The full set of lines below has to be duplicated exactly, with no picture kept.

======== THE DATA

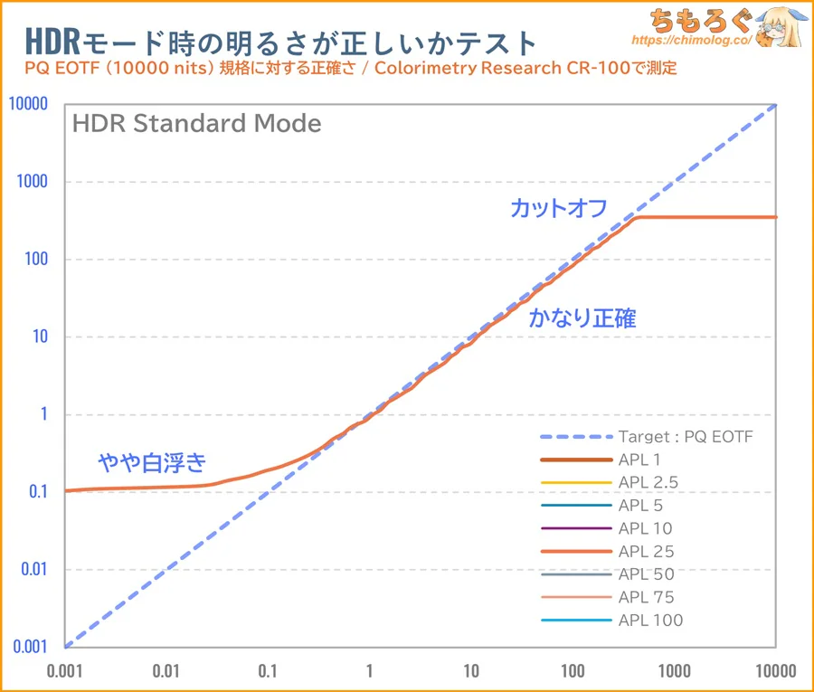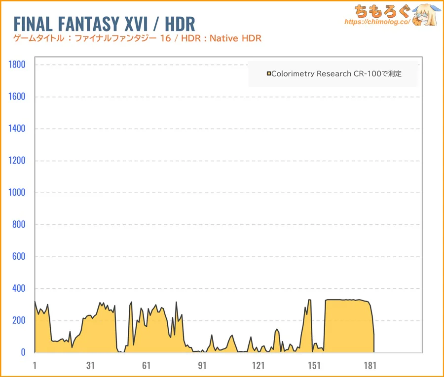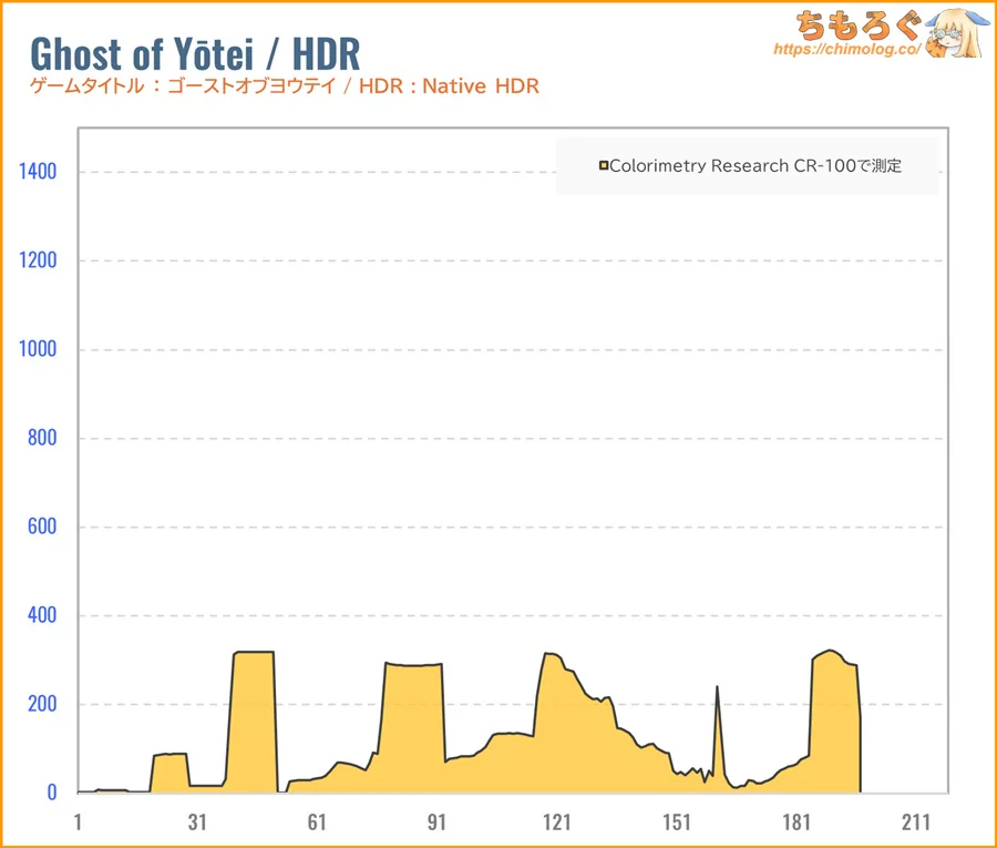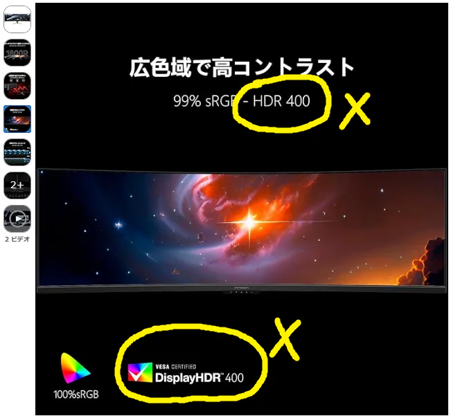 | HDRコンテンツの再現性 Display HDR 400認証すら合格できない、必要最低限ラインを下回る非力なHDR性能です。ピーク輝度が暗く、コントラスト比も伸びず、HDRコンテンツの再現性に乏しいです。 |
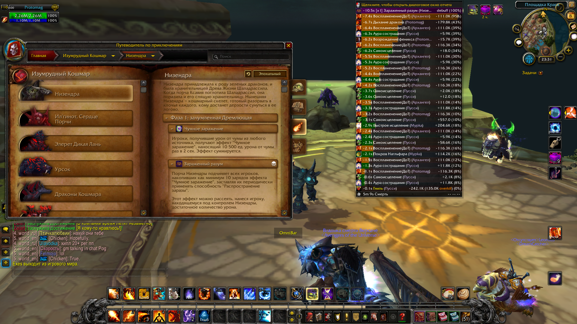 | Description | На Низендре (эпох. режим), при взятии героя в контроль (скилл - Зараженный разум - https://ru.wowhead.com/spell=205043/) ему нужно нанести определенный урон (примерно до 30%), после чего дебафф спадает. Однако, все наложенные на игрока дебафы (игнайт, доты лока, доты шп и т.д.) продолжают тикать на уже дружественной цели, тем самым зачастую добивая союзника (Особенно видно, на игроке Пусси, скриншот - ignite3 (добивало и добило именно воспламенение, уже после того, как игрока выбили с контроля) | ||||
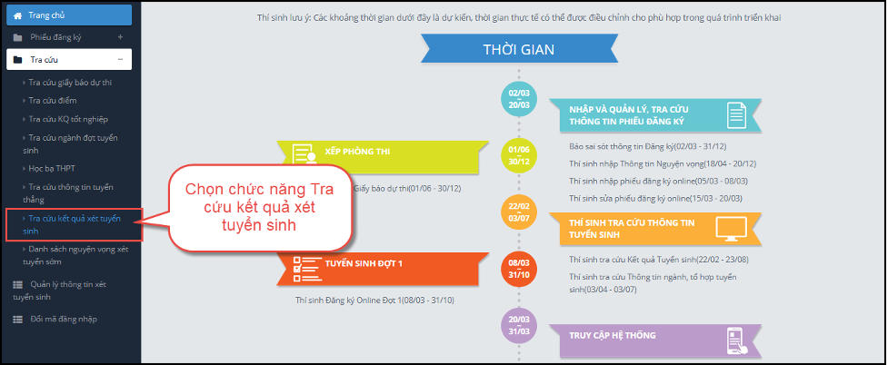 Bước 2: Vào menu Tra cứu kết quả xét tuyển sinh từ menu Tra cứu
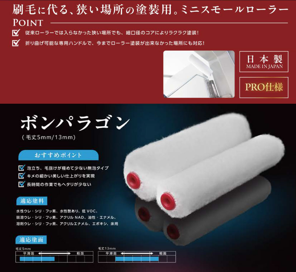 刷毛に代る狭い場所でもラクラク塗装の細口径小型ローラー ・従来ローラーでは入らなかった狭い場所でも、細口径のコアーによりラクラク塗装! ・折り曲げ可能な専用ハンドルで、今までローラー塗装ができなかった場所にも対応! ・泡立ち、毛抜けが極めて少ない無泡タイプ ・キメの細かい美しい仕上がりを実現 ・長時間の作業でもヘタリが少ない |

================

THE COMPLETED TASK →
 | HDRコンテンツの再現性 Display HDR 400認証すら合格できない、必要最低限ラインを下回る非力なHDR性能です。ピーク輝度が暗く、コントラスト比も伸びず、HDRコンテンツの再現性に乏しいです。 |
 | Description | На Низендре (эпох. режим), при взятии героя в контроль (скилл - Зараженный разум - https://ru.wowhead.com/spell=205043/) ему нужно нанести определенный урон (примерно до 30%), после чего дебафф спадает. Однако, все наложенные на игрока дебафы (игнайт, доты лока, доты шп и т.д.) продолжают тикать на уже дружественной цели, тем самым зачастую добивая союзника (Особенно видно, на игроке Пусси, скриншот - ignite3 (добивало и добило именно воспламенение, уже после того, как игрока выбили с контроля) | ||||
 Bước 2: Vào menu Tra cứu kết quả xét tuyển sinh từ menu Tra cứu
 刷毛に代る狭い場所でもラクラク塗装の細口径小型ローラー ・従来ローラーでは入らなかった狭い場所でも、細口径のコアーによりラクラク塗装! ・折り曲げ可能な専用ハンドルで、今までローラー塗装ができなかった場所にも対応! ・泡立ち、毛抜けが極めて少ない無泡タイプ ・キメの細かい美しい仕上がりを実現 ・長時間の作業でもヘタリが少ない |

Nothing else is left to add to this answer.